My sales average kept climbing week after week, but Globus told me I wasn’t making it. He told me I was breaking his balls. So he broke mine. He cut my salary twenty five cents an hour. I should have quit, but I didn’t. This time I did check around for other jobs. I couldn’t find anything. I figured what the hell. I only had another five weeks before I had to pack to go back to college. Besides, Globus had promised me, if I could just get sales up by another ten percent, he would restore my twenty five cents. I redouble my efforts.
That first kid, the fat one, he hated me now. I could tell. I could see it in his eyes. Sometimes he hid when he saw or heard my truck coming. The other boys on the street would look for him, drag him from his hiding spot and demand their hit of ice cream.

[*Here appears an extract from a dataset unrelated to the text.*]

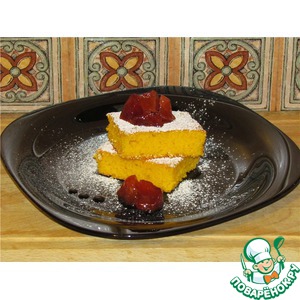Даём немного остыть, режем и выкладываем на тарелочку. Сверху посыпаем сахарной пудрой. Можно съесть как коржик... |
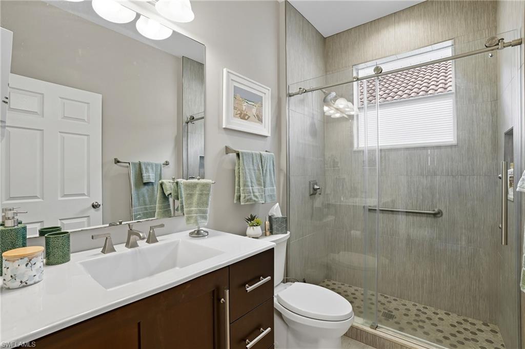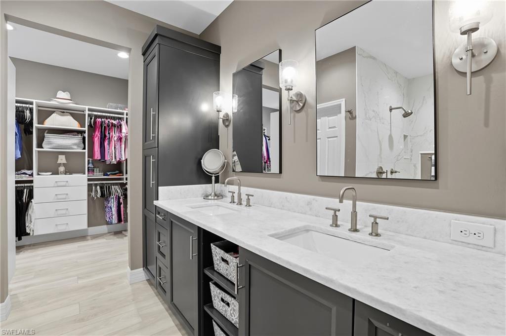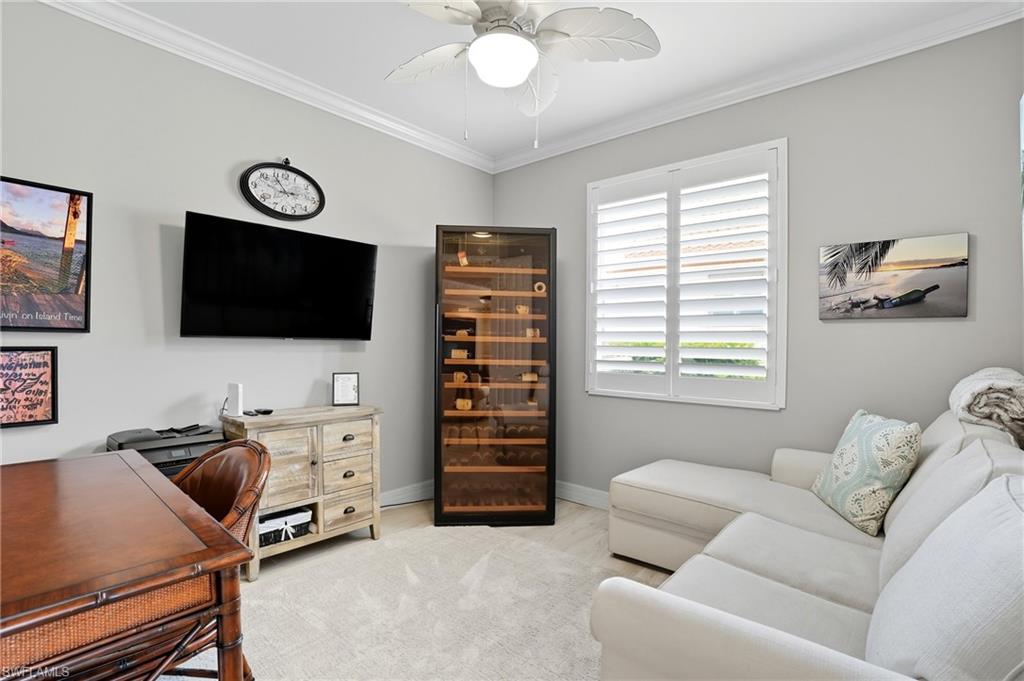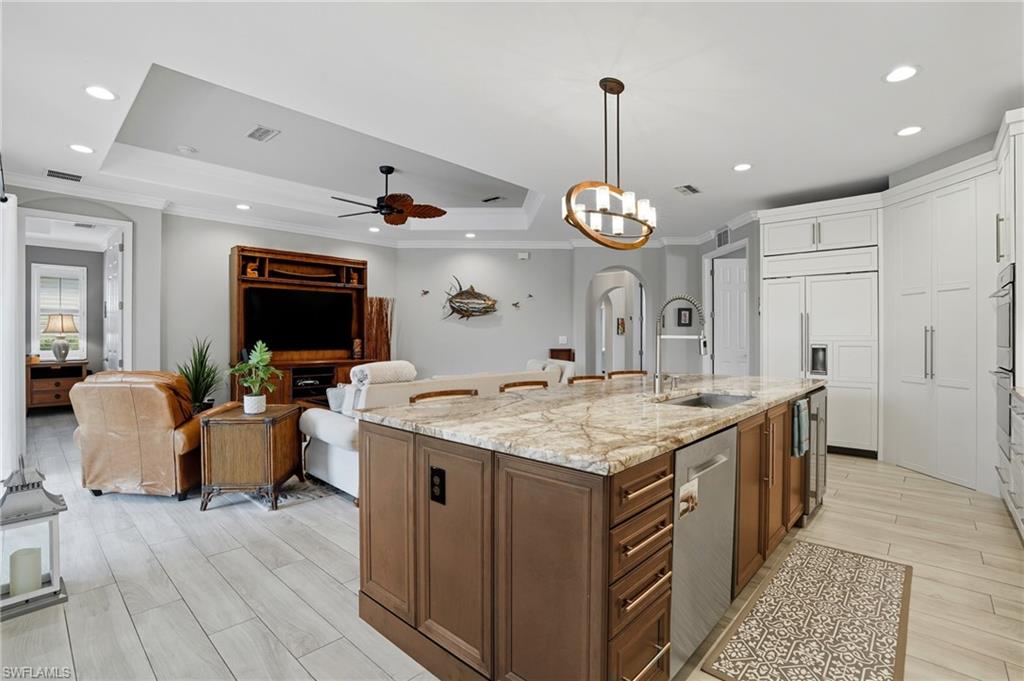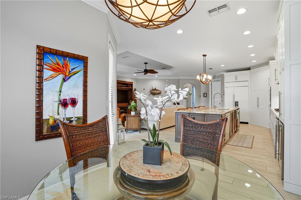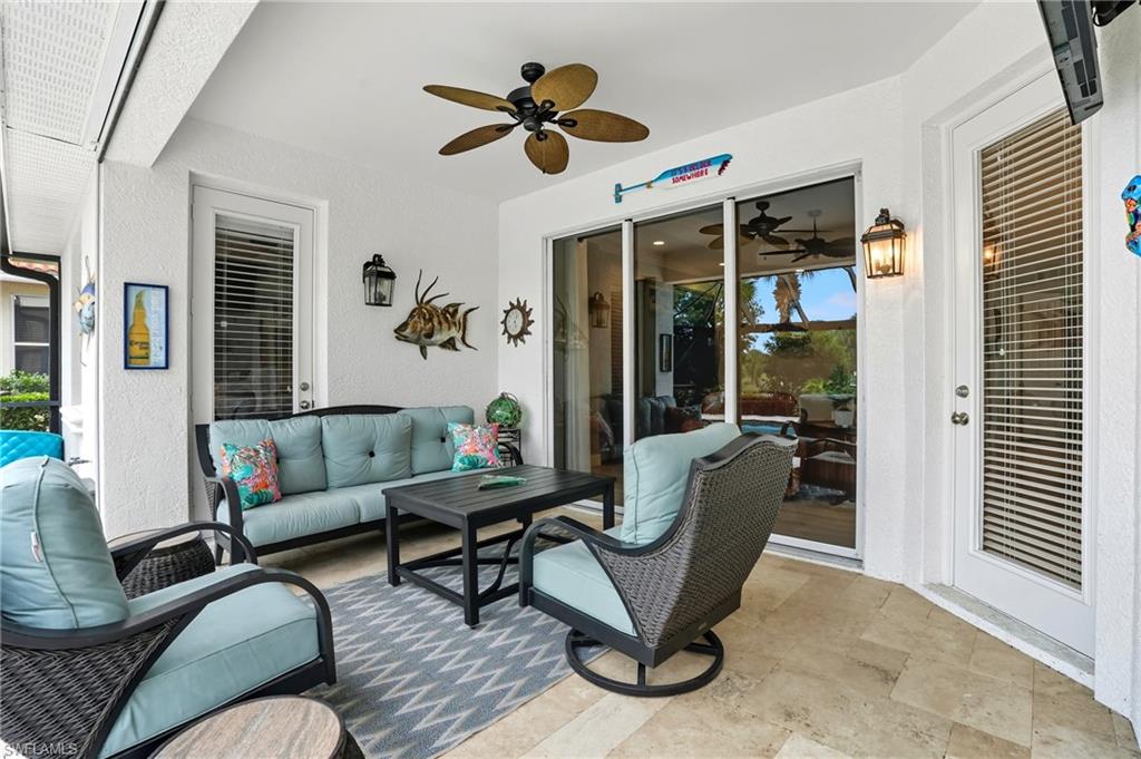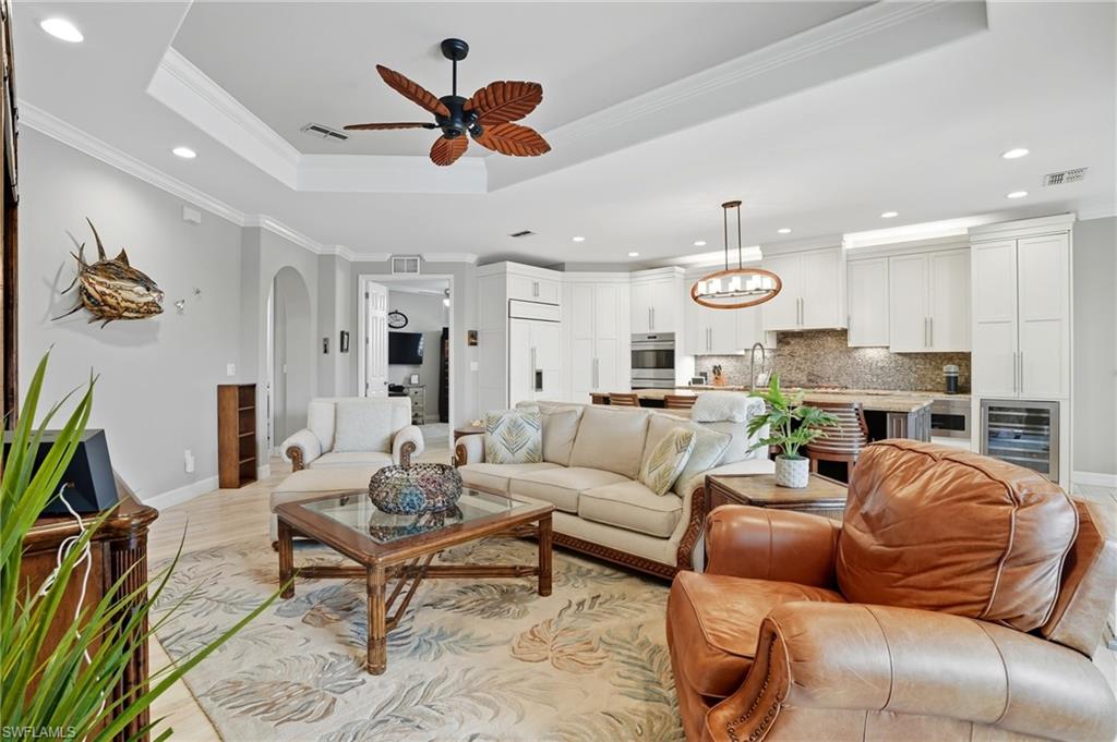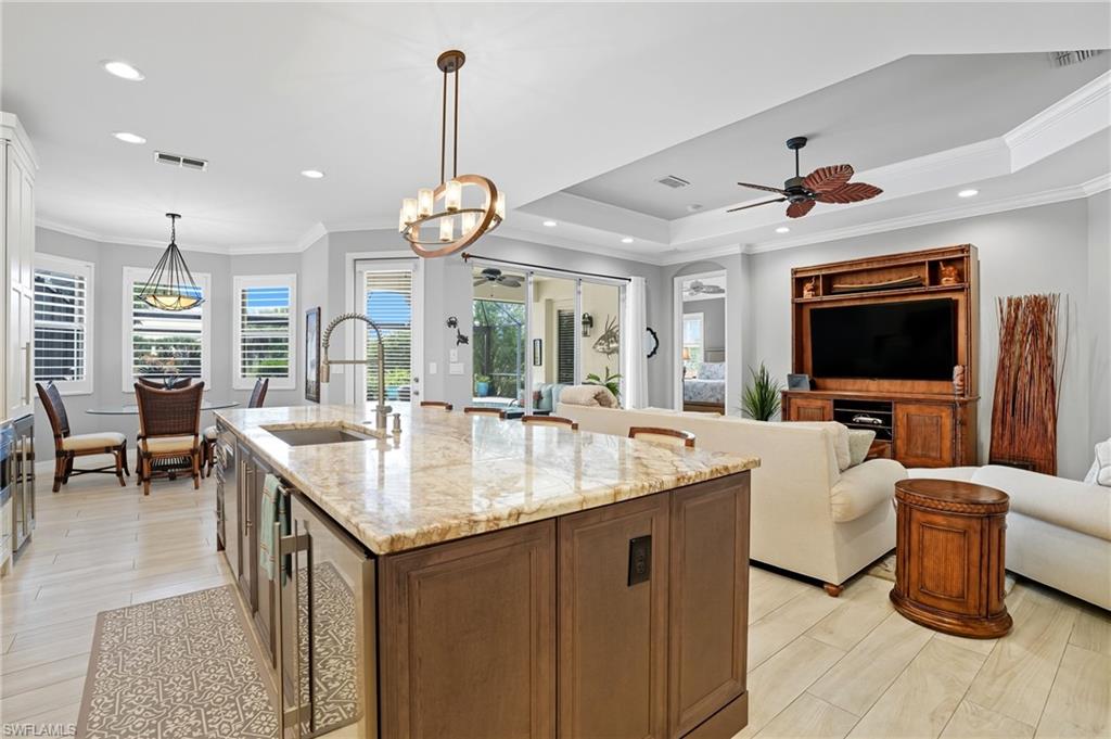 A truly beautifully reimagined 3-bedroom + den, 2.5-bath residence that blends timeless design with modern luxury. In 2018, the owners partnered with Randall Mitchell Builder for a complete renovation, featuring a redesigned kitchen, updated bathrooms, and a refreshed pool and outdoor living area.” full interior renovation, thoughtfully redesigning the entire living space for open flow and refined living. The kitchen and main living areas were reconfigured by removing walls for a open floor plan, complemented with elegant trim work. The chef’s kitchen boasts custom cabinetry, a walk-in pantry with electrical outlets, Wolf and Sub-Zero appliances, beverage and wine refrigerators, and a custom bar with beverage cabinet—perfect for entertaining. The master suite features a completely reimagined bathroom and a California Closets-designed walk-in, while the additional full and half baths have also been fully renovated. Plantation shutters add warmth in the dining area, second bedroom, and office. Outdoor living shines with a redesigned pool, hot tub, and travertine pool deck. Recent enhancements include Storm Smart retractable hurricane shutters (2018), low-voltage outdoor lighting (2019), new lanai screens with a picture-frame full-view enclosure (2024), new pool heater and pump (2023), and fresh exterior paint (2022). Additional upgrades include: replaced HVAC and water heater, new soffits with concrete treatment (2024), Tesla garage charger (2024), electric dog fence, and more. This property is truly move-in ready, offering peace of mind with major systems and features already updated—all within the highly desirable Via Romano community.

If he said, “My mom says she can’t afford it.” Or, “I have no money,” he got pummeled. It was sad to watch. My other loners weren’t doing much better. There were exceptions, a few seem to have been genuinely been accepted and were getting treated to ice cream as often or more often than they bought it. But these were exceptions. I watched with horror as my social experiment began to unravel. That fat kid stopped coming out of his house all together. The last time I saw him he seemed bigger than ever. He was putting something in the trash. When he saw me he waddled back inside as fast as he could and slammed the door.
Despite my failures as a social engineer, sales did go up, but not by the ten percent that had been demanded. Six percent was the best I could muster. Globus just shook his head.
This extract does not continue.